- TASK DETAILS
Every line from the one with "This entertainer’s dream" through the end of the entries below should be written out exactly; the pictures should not.

- DATA UNDER STUDY
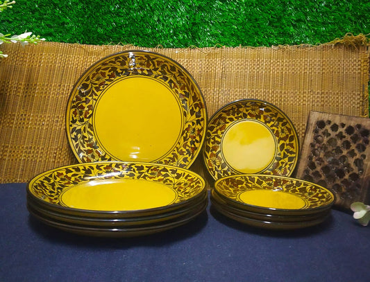 Caffeine Ceramic Handmade Green Soorya Combo Dinner Set (12 pcs.)
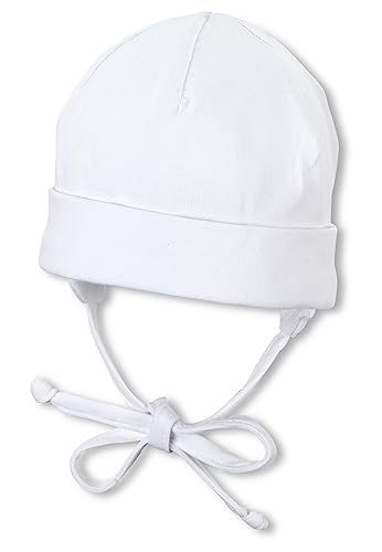 Sterntaler OCS Beanie Uni – Baby Beanie mössa av singlejersey (bio) – Pojkar huvudbonad med kuvert och öronlappar – baby och barn övergångsmössa för knytning – från födseln, Vit, 41
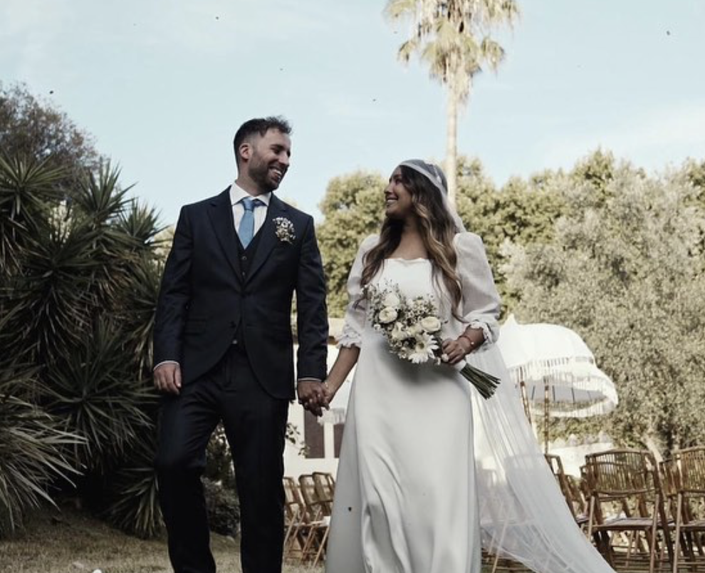 El vestit de núvia de la Giulietta destaca per una línia senzilla on la clau de l’èxit resideix en l’ús de materials de màxima qualitat. En aquest disseny es pot apreciar la brillantor i la textura del crep satinat de Gratacós, una base que sempre és garantia de distinció. A més, hem combinat el teixit amb altres petites joies exclusives del nostre taller Ámala per crear una peça única. Com a detall final, el vel tipus bandana amb flors brodades aporta un toc molt original i actual al conjunt. Moltes gràcies per la teva confiança, Giulietta; ha estat un plaer crear el teu vestit de núvia i compartir un dia tan especial amb tu.
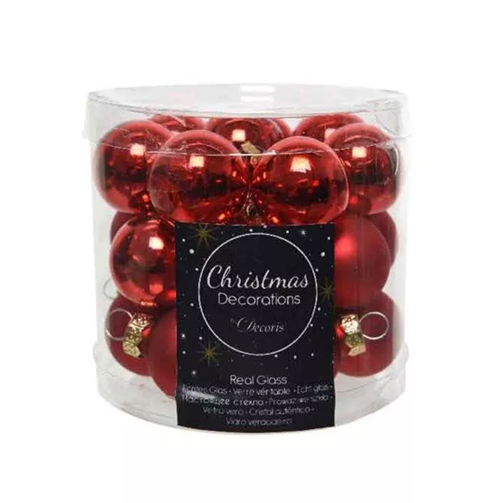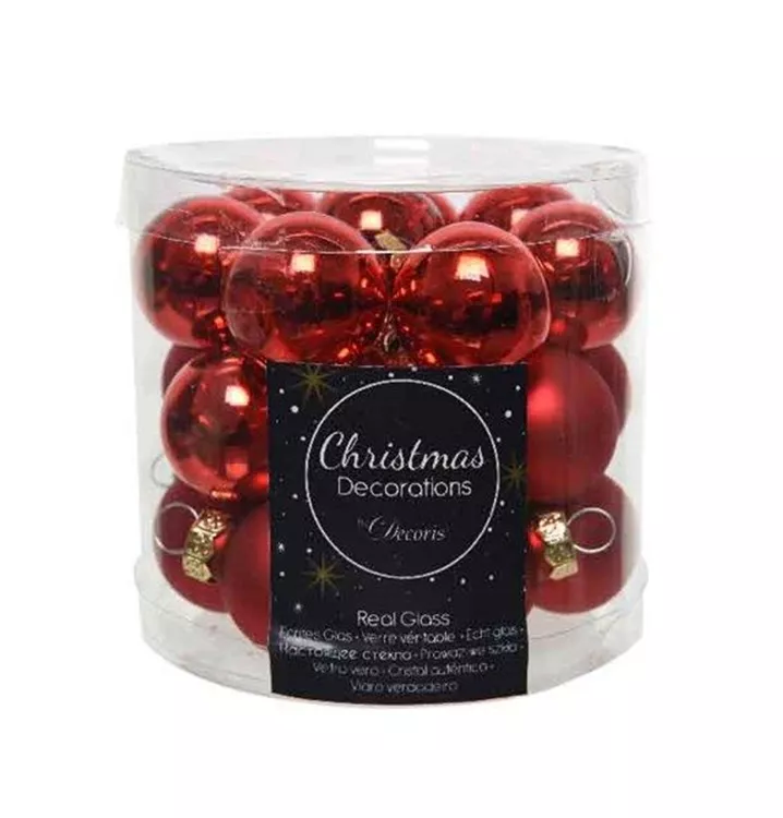 Tauchen Sie mit unserer exquisiten Kollektion von Weihnachtskugeln in die festliche Atmosphäre der Feiertage ein. Unsere Glas-Weihnachtskugeln, mit einem Durchmesser von 2,5 cm, sind das perfekte Accessoire, um Ihrem Weihnachtsbaum ein glanzvolles und elegantes Aussehen zu verleihen. Jede Verpackungseinheit umfasst 24 Kugeln, von denen die Hälfte einen glänzenden und die andere Hälfte einen matten Finish besitzt. Diese Kontraste erzeugen eine faszinierende visuelle Dynamik und verleihen Ihrem Baum eine einzigartige, stilvolle Note.
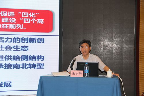 7月11日上午,淄博市助力新旧动能转换巾帼在行动专题讲座在淄博饭店举办,山东省发改委政策法规处处长宋文华应邀作了题为《落实党的十九大精神,推进新旧动能转换重大工程》的讲座,市妇联副主席伊书霞主持。
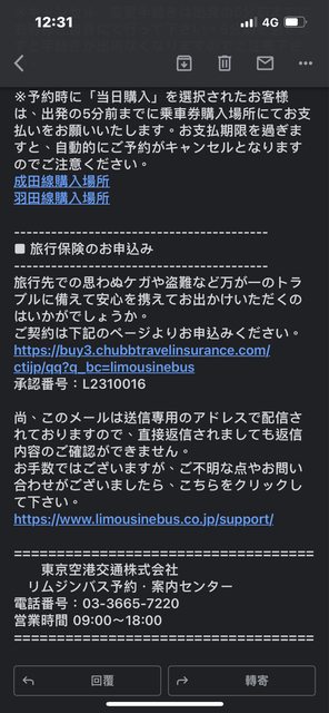 我已經預訂了今天下午16:10的利木津巴士前往成田機場
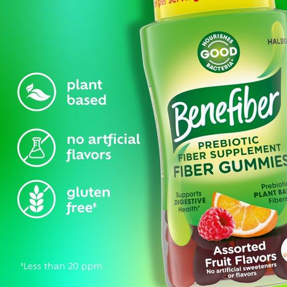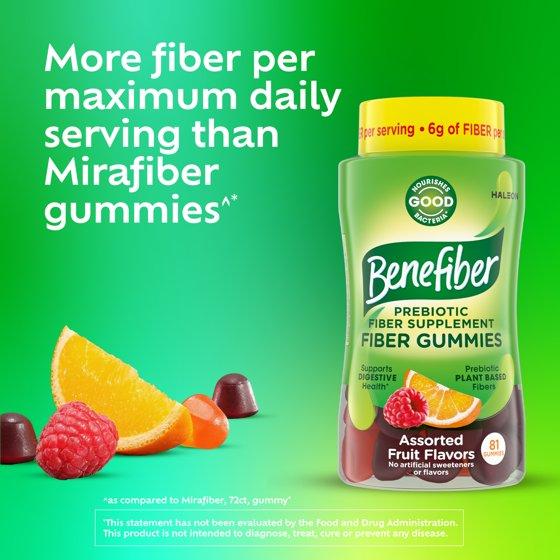 These assorted fruit prebiotic supplements are made with natural fruit flavors, supporting your digestive health with prebiotics that are convenient, easy to take on the go and great tasting (1). For ages 12 and above, chew 3 gummies up to twice daily. Do not exceed 6 gummies per day. Ages 6 and under ask your doctor. Benefiber makes taking fiber easy.
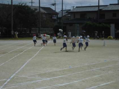 休憩をはさんで1年生のおみこしリレーですが、リレーの前に1年生のみんなでダンスをしました。これまで一生懸命に練習してきた成果を披露することができました。その後、4人組でおみこしを運んで次のグループと素早く交代するリレーをしました。勝利を目指してみんなで声を掛け合い、協力してがんばりました。
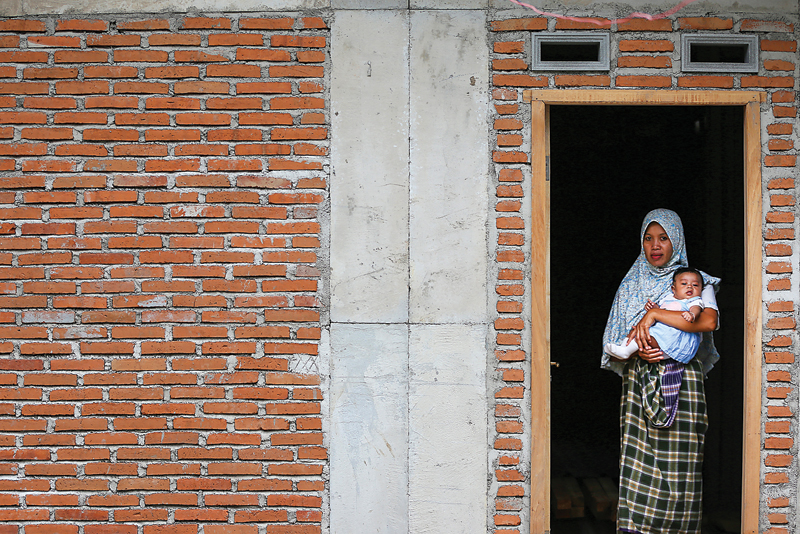 TERBUKA: Penghuni rumah instan sederhana sehat (risha) menggendong bayinya di depan pintu yang b aru terpasang kusen saja di Desa Wadon. (LOMBOK POST)
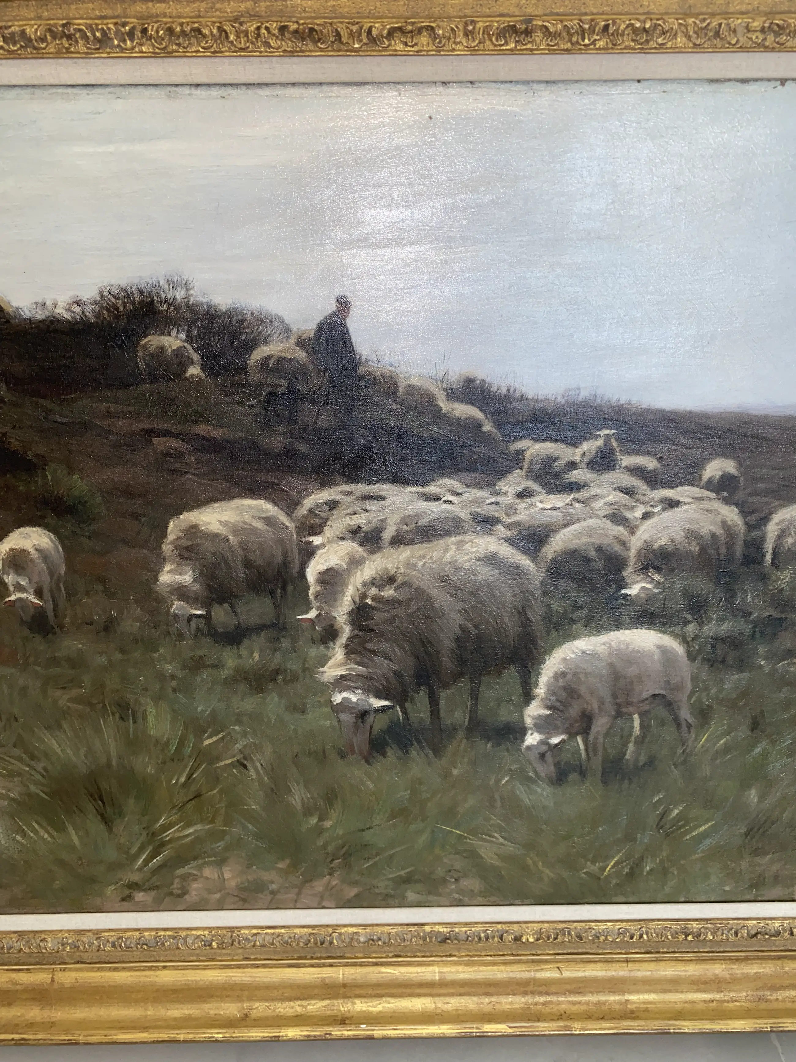 Herder met schaapskudde op de hei
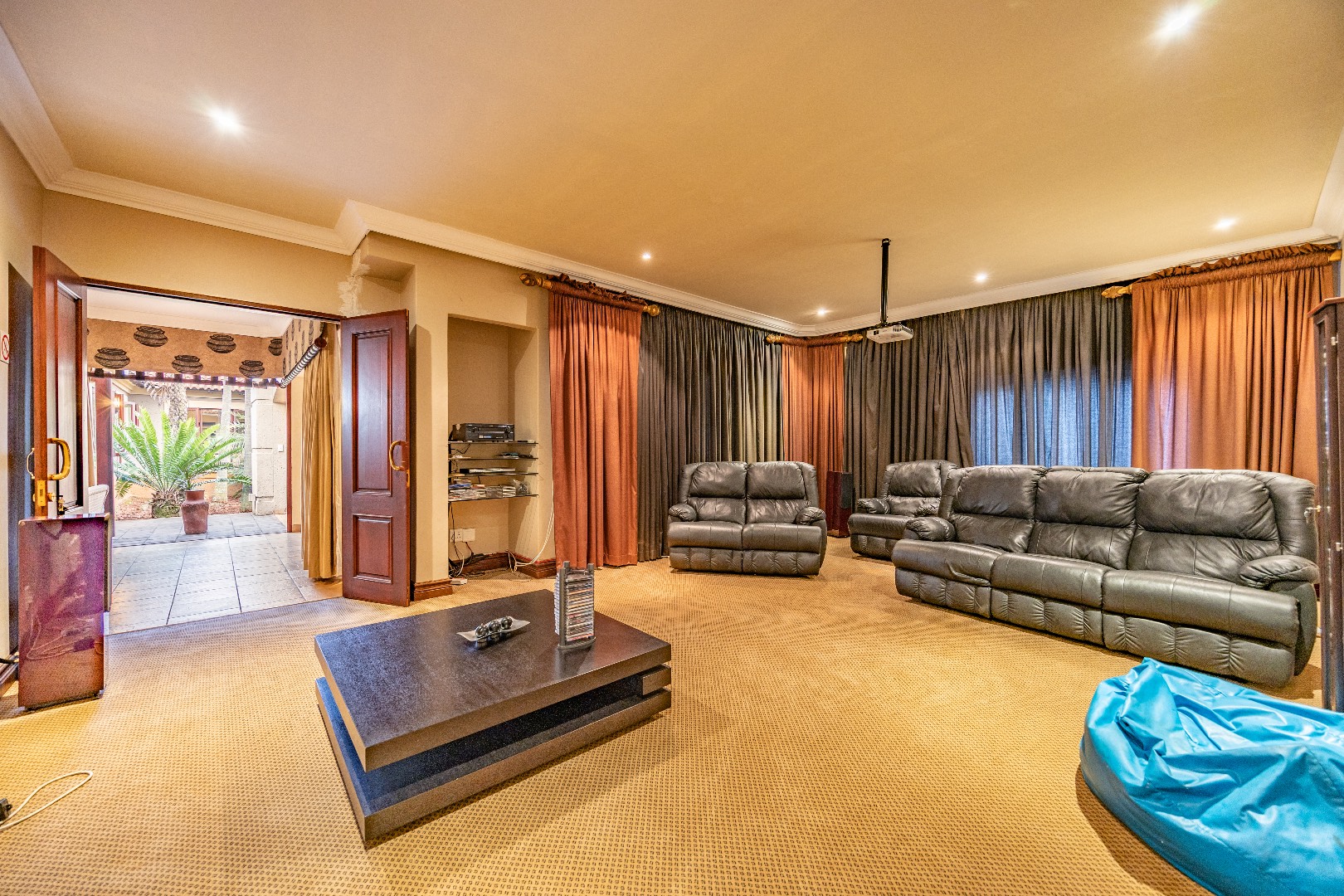 This entertainer’s dream home features four spacious bedrooms, each with luxurious en-suite bathrooms and large windows that fill the interiors with natural light. The open-plan living areas, enhanced by wide stack doors, seamlessly connect to an expansive patio and entertainment area — complete with a built-in bar, poolside toilet facilities, and sparkling swimming pool. A fully equipped cinema room provides the ultimate private viewing experience.
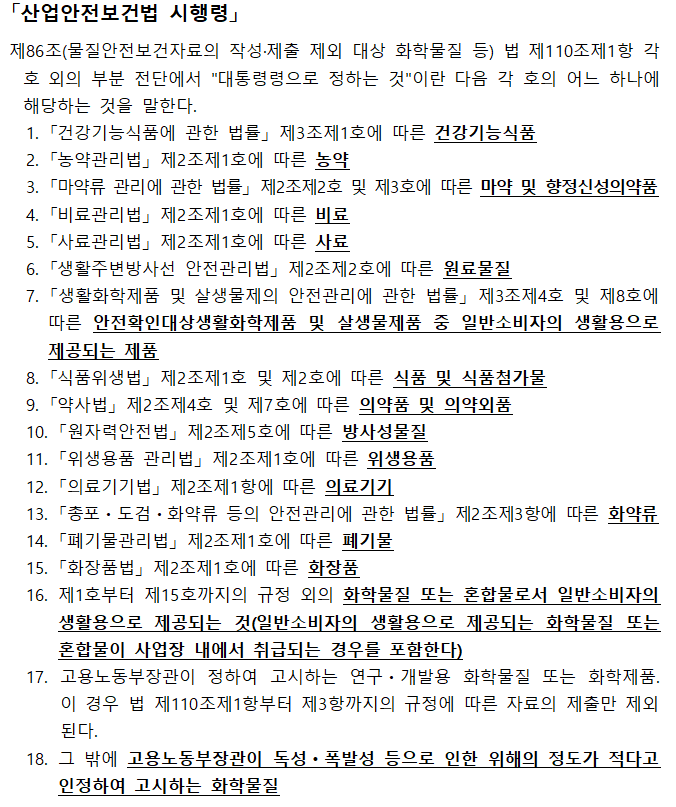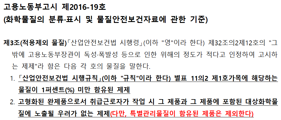 하지만 단서조항으로 특별 관리 물질에 대해서는 다시 제외가 되었다. 즉 고형화 된 완제품으로 노출될 우려가 없으나, 그 안에 특별 관리 물질이 포함되어 있다면 이는 다시 대상이 된다.
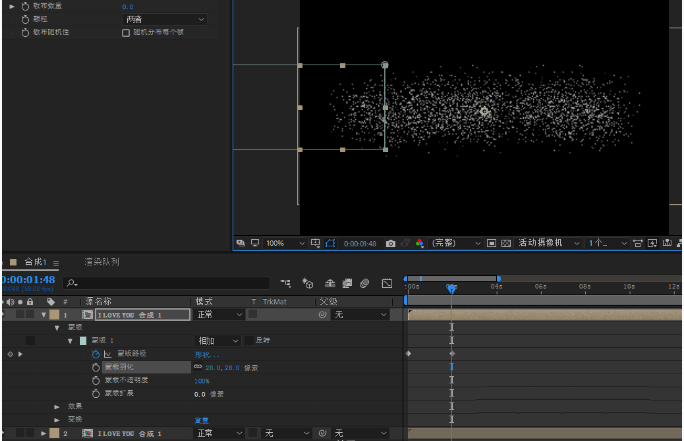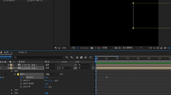 10、给蒙版路径加2个关键帧,为了自然加大蒙版羽化值,绕后导出
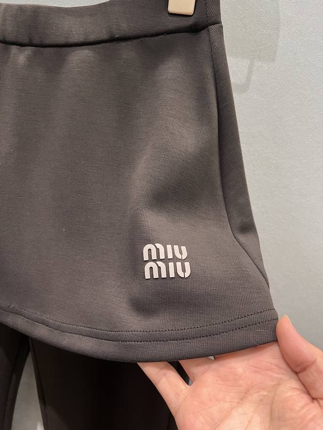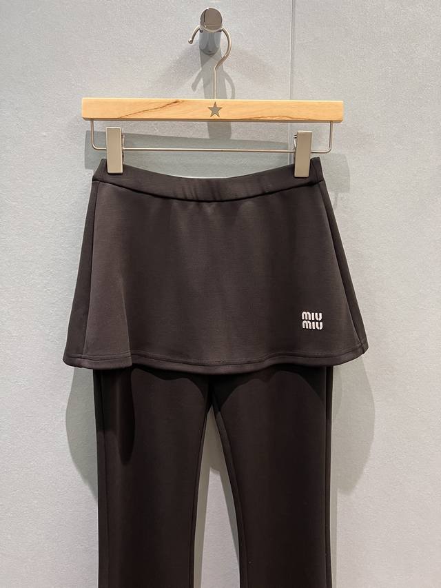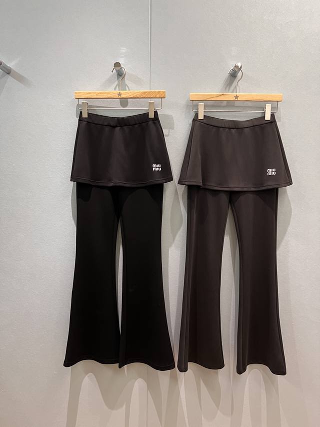 / New Miu series spliced skirt fake two-piece slightly flared pants elastic waist
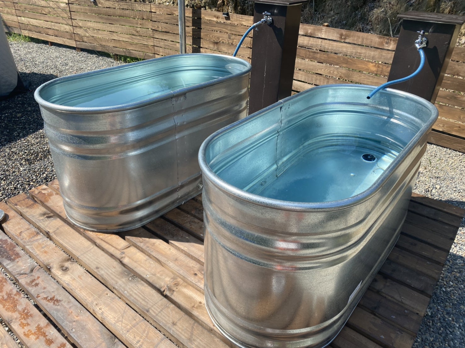 水風呂は1人がちょうど良く入れる大きさを2つ用意しております。

- COMPLETED TASK
 This entertainer’s dream home features four spacious bedrooms, each with luxurious en-suite bathrooms and large windows that fill the interiors with natural light. The open-plan living areas, enhanced by wide stack doors, seamlessly connect to an expansive patio and entertainment area — complete with a built-in bar, poolside toilet facilities, and sparkling swimming pool. A fully equipped cinema room provides the ultimate private viewing experience.
 하지만 단서조항으로 특별 관리 물질에 대해서는 다시 제외가 되었다. 즉 고형화 된 완제품으로 노출될 우려가 없으나, 그 안에 특별 관리 물질이 포함되어 있다면 이는 다시 대상이 된다.
 10、给蒙版路径加2个关键帧,为了自然加大蒙版羽化值,绕后导出
 / New Miu series spliced skirt fake two-piece slightly flared pants elastic waist
 水風呂は1人がちょうど良く入れる大きさを2つ用意しております。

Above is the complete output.